June 3, 2023

The Neville Brothers

The Neville Brothers

The Neville BrothersSomewhere tonight in the afterworld, Neville Chamberlain has just been informed that he’s the focus of his first daily newscycle since 1938, and is being briefed on what a “newscycle” is. Somewhere tonight in Los Angeles, radio host Kevin James is ordering a third plate of pork ribs and corn bread, hoping he can pack on enough girth to be mistaken for his portly The King Of Queens namesake, since in the last 24 hours his face has become the most ridiculed of any radio host in history, or at least since John Gibson’s last broadcast.

It’s probably never a good idea when a lame-duck President with approval ratings hovering somewhere in the neighborhood of a Detroit Pistons’ first quarter decides to inject himself into the race to decide his successor. George Bush couldn’t help himself yesterday, though, and in a less-than-unfortunate venue, at the Knesset for the 60th anniversary of Israel’s independence. ‘‘Some seem to believe that we should negotiate with the terrorists and radicals, as if some ingenious argument will persuade them they have been wrong all along.’’

He continued, “As Nazi tanks crossed into Poland in 1939, an American senator declared: ‘Lord, if only I could have talked to Hitler, all of this might have been avoided.’ We have an obligation to call this what it is – the false comfort of appeasement, which has been repeatedly discredited by history.”

…Well, what his speechwriters failed to tell him was that this appeasement-embracement was none other than isolationist Republican Senator Willam Borah of Idaho.
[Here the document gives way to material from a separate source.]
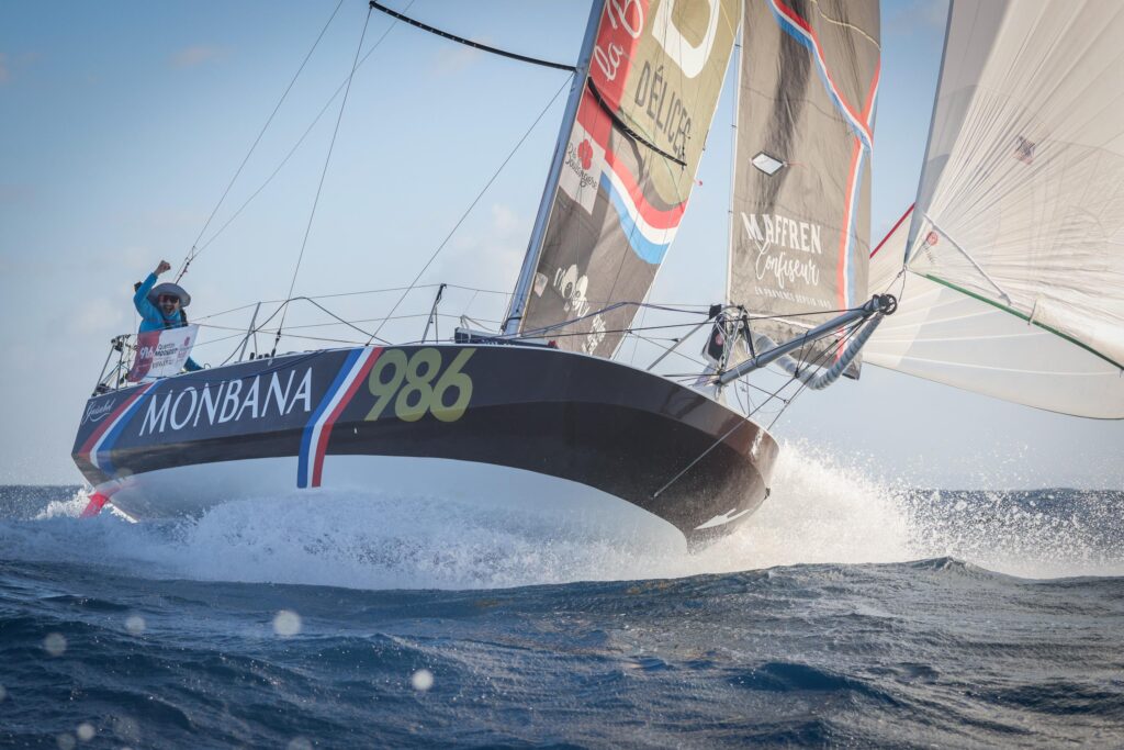 Quentin Mocudet (Monbana) a franchi la ligne d’arrivée de La Boulangère Mini Transat en deuxième position dans la catégorie série, au terme d’une lutte acharnée avec Amaury Guérin jusqu’aux derniers instants. « Depuis trois jours, nous nous croisons sans cesse, parfois on se perd de vue, puis on se retrouve », raconte Quentin, exténué mais radieux sur le ponton de Saint-François. « Jusqu’à cette nuit, alors que je sortais d’une sieste, j’ai revu mes concurrents à l’AIS et il a fallu continuer à contrôler. Cela ne s’arrêtait jamais. Des grains sont arrivés et tout est devenu incertain : un coup Amaury Guérin reprenait l’avantage, un coup je revenais. Il fallait rester patient et surtout ne pas commettre d’erreur. J’étais soulagé que ça se termine sur une deuxième place plutôt qu’une quatrième. »
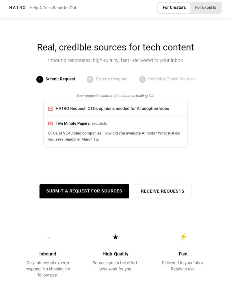 And if you're an expert – if you're a senior developer or a CTO or a data engineer who has opinions about the way your field gets covered – you can subscribe to the list and receive requests. Respond to the ones that match your experience. Get credited in content you actually respect.

Also, this is what the geeks on the Intarwebs call “Godwining”–once you invoke Hitler, if there aren’t real and contemporary extermination camps involved, then you’ve lost your argument by your hyperbole.

Yes, it’s true that Barack Obama has talked about sitting down with the leaders of Iran and Hamas (if you’re confused, just call John McCain who two years before he assailed Senator Obama for being willing to engage the enemy insisted that the U.S. “would have to deal with Hamas sooner or later”). That’s what is called “diplomacy” and it’s only appearance in the last seven years of the Bush Administration has been when a patron wants a gig with a close-by swimming pool or beach in Malta or the Seychelles. This is what you do with the bad governments of the world–you talk to to them. Regardless of Bush’s attack on the unnamned Barack Obama yesterday, this is a tack that Richard Nixon pursued with Leonid Brezhnev and Mao Tse-tung and Ronald Reagan engaged in with Mikhail Gorbachev. Neither of them our Presidents offered up their adversary’s right to a foreign state. That would have been appeasement. Seriously. For those of you who have bought into FOX News’ and the Republicans’ latest talking-points, it’s important to know what “appeasement” really means.

British Prime Minister Neville Chamberlain went to meet with Hitler in 1938 as war clouds were stirring over Europe and Adolf Hitler was fast becoming a force to be reckoned with. Chamberlain visiting Hitler wasn’t appeasement. While he was there, though, he signed the Munich Agreement that conceded the Sudentland of Czechoslovakia to Hitler, in the hopes that Hitler would be satisfied and would drop his guns against the rest of Europe. That was the definition of “appeasement” and it didn’t work out very well for anyone.

I feel like I’ve been writing this blog entry as if I’ve been speaking to children, but maybe I am. Kevin James came on Hardball last night with his apparent talking points of eight levels of shrill. His first accusation out of the gate was that Barack was guility of “appeasement.”

I won’t recite the exchange verbatim, but they replayed it today on Morning Joe on MSNBC with a counter in the top left corner clicking forward every time that Chris Matthews asked Kevin James specifically what Neville Chamberlain did in 1938 that comprised “appeasement.” Over and over and over and over, that “he’s an appeaser,” without anything specific, until the clicker hit 20, and Chris finally said, “You don’t know. You have no idea.” It was the most exquisite schooling since George Pepperdine built his university.

And boy were the Dems mad–finally. If the Republicans were throwing out a diss to see how game their opposition would be for the fall contest, they got a taste of blood with a rapid-fire reaction.  None was better than Senator Joe Biden who exploded, “This is bullshit, this is malarkey. This is outrageous, for the President of the United States to go to a foreign country, to sit in the Knesset … and make this kind of ridiculous statement.”

God. Damn. Beautiful.

I’d put him in pole position for the Veep nomination, but it isn’t going to happen, because he doesn’t want it–really–and as of this writing he’s got an edge over Bill Richardson for Secretary of State.

Criminy, someone lit a fire under these boys, and it was the President. For once, he’s earned his money.